All of which gets me to wondering if the term “Hot-headed” was indeed a little bit of folk wisdom that was just ahead of its time. If you’ve got disgruntled people around, turning the air conditioning down seems to make sense. It also explains why not many revolutions happen in the middle of winter.
Safer Bar Glasses
Wired has a very interesting article on some new kinds of glass that are under development by Corning Glass Works. The new material seems to be so strong (if I read this right) that throwing a glass would break what it hits…not the glass itself.
But while this might make dandy barware, “Hello, Houston?” The problem is that we [presently] live in a disposable society. Present-day economics just don’t allow for “forever” products. There’s no money to be made in them.
Just like I am a huge fan of Corel dishes (anything that can last 10-years on a sailboat and still look virtually new is great stuff, right?) I am a huge fan of truly unbreakable glassware.
Not only would be it a lot safer (not breaking in the kitchen for example, thus no risk of injury) but it would reduce replacement costs and one and on…
Why is it, then, that like those traffic signal lights which would last year-after-year, these seem unlikely to make it to the consumer market? The answer is simple: Recurring revenue. And what’s our old saying around here?
Everything’s a business model. So as cool as super glass may sound, I wouldn’t expect to see it anywhere but on disposable electronics for a long time to come. What glassware maker in their right mind would run themselves out of business?
That Didn’t Work Out So Well…
A story that is slowly making its way around the web may be of interest, namely it says that a flu shot may have actually increased chances of people getting H1N1 flu.
Watch List: Coronavirus
Not that you need to stay home, lock the doors and put up sealing tape around doors and windows yet, however.

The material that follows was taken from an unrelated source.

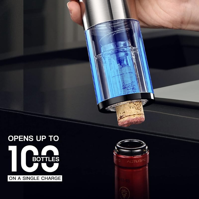 Our wine openers features the smooth surface with good hand feeling. There is blue led indicator light when the cork being drawn up from the bottle. Small size will be more convenient to take it out and save space.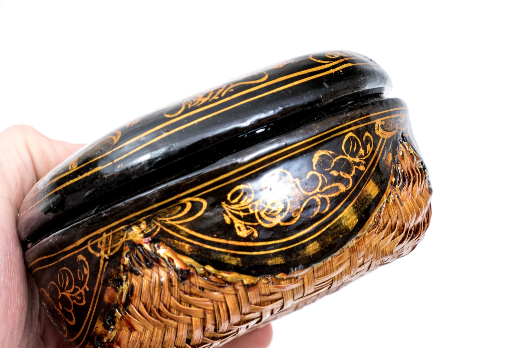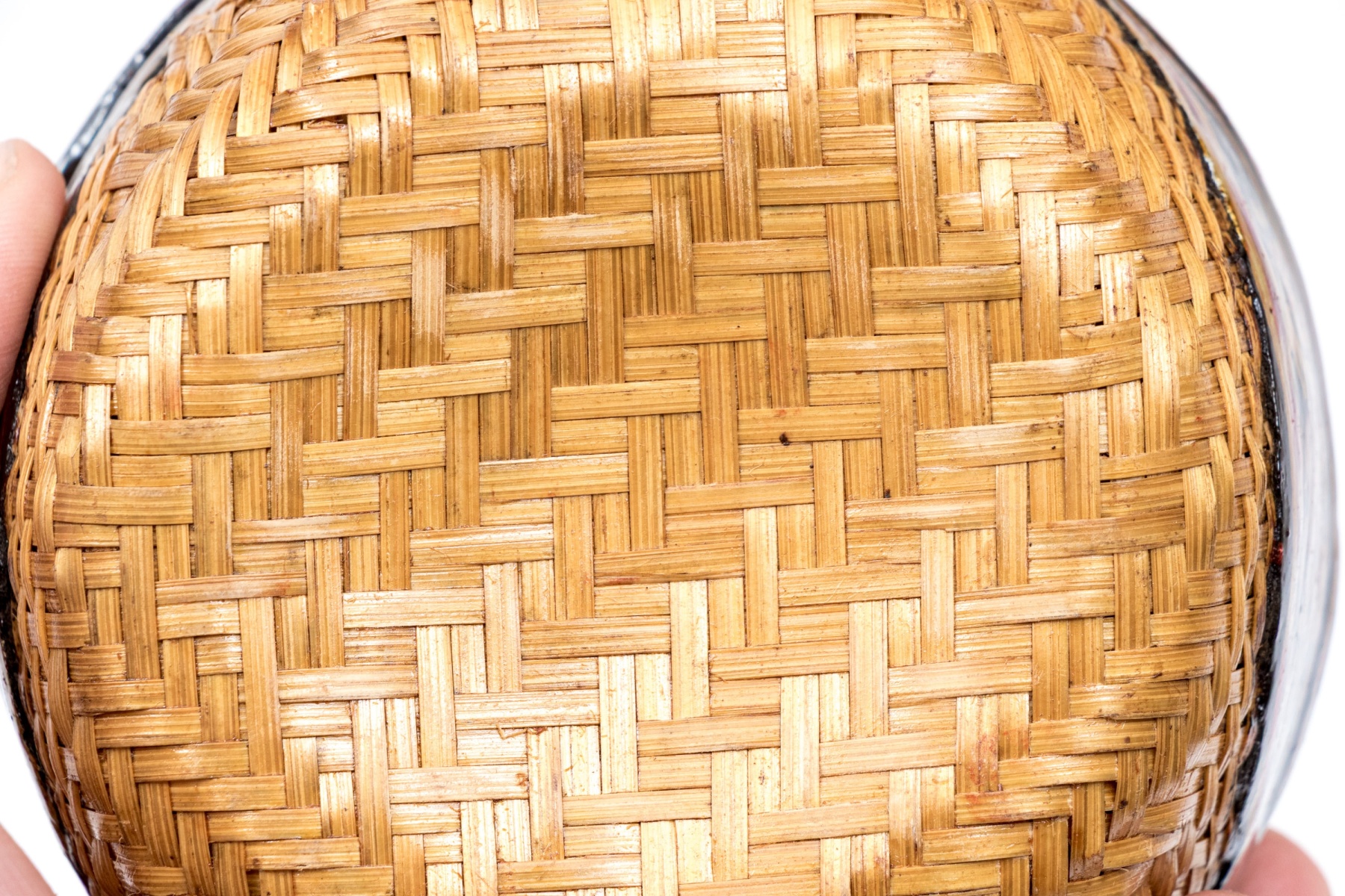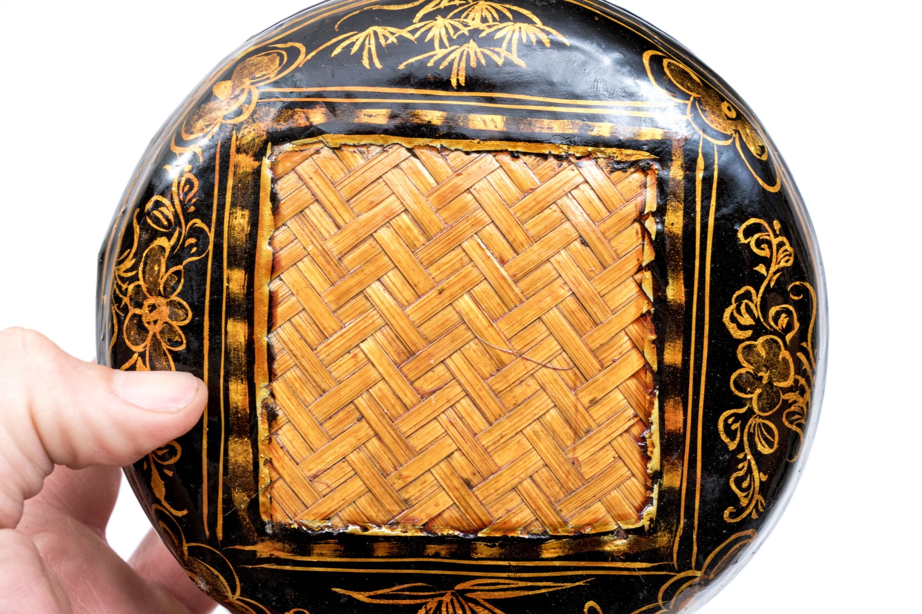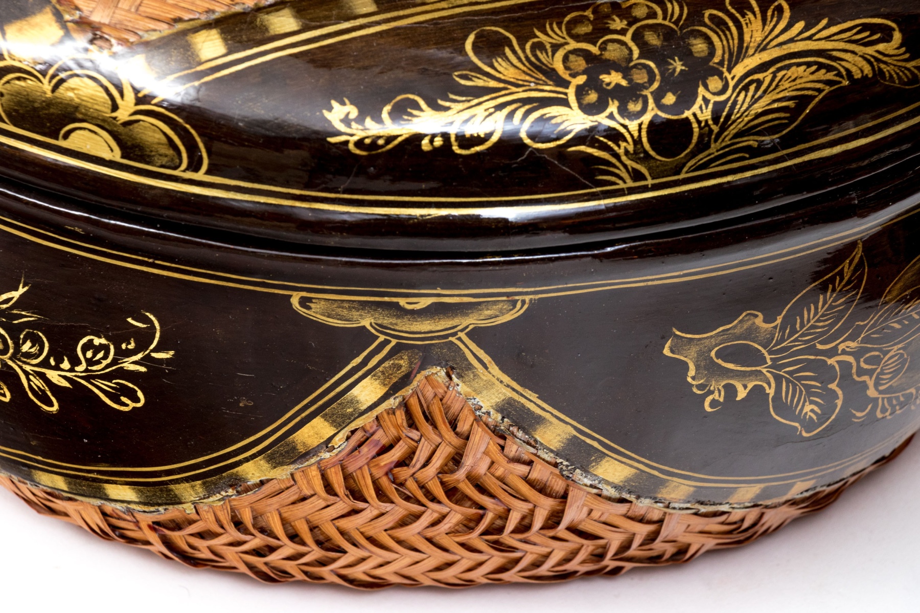 Each with laquered decoration and rattan woven square tops of graduated size to fit into the largest.

Our consulting medical dude just says Keep an eye on it:
“This new corona virus is no biggie yet. But worth keeping an eye on. Good: doesn’t seem to spread person to person easily. Bad: worse than SARS it attacks kidney & lung; not just lungs...”
That does it: I’m canceling my plans to go to Riyadh for the weekend.
Old and Sexless
Say, here’s one of those “Don’t quite know what to make of it…” stories. On the BBC website is the headline “Eunuchs reveal clues to why women live longer than men…” sounds innocent enough on the surface. But on reading the article seems to get around to male sex hormones tend to cause males to die younger.
Which leaves an interesting question lingering for medical ethicists: Pass on bedding the babes, sing soprano and pay 10-20 more years of taxes? That ought to result in a political-correctness festival.
Once again, I must warn you to be wary of the French! They are trying to keep the use of the word “Chateau” only on wines made in France. But, claims the US, estate-bottled here in America ought to be able to use the same wording.
After all, seems clear here in the Outback that McMansion Bottled just somehow doesn’t have the pizzazz of Chateau Bottled. Such are the problems of Europe and it’s why they’re going down the tube.
We “Be laboring” the Point
But…another one of those controversial fill-in Ref calls last night let the Seahawks win. They didn’t do jack the whole time we lived in the Northwest, but if this is what it takes….
Secretly, we hear there will be no settlement of the Ref’s lockout until ad and beer sales hurt.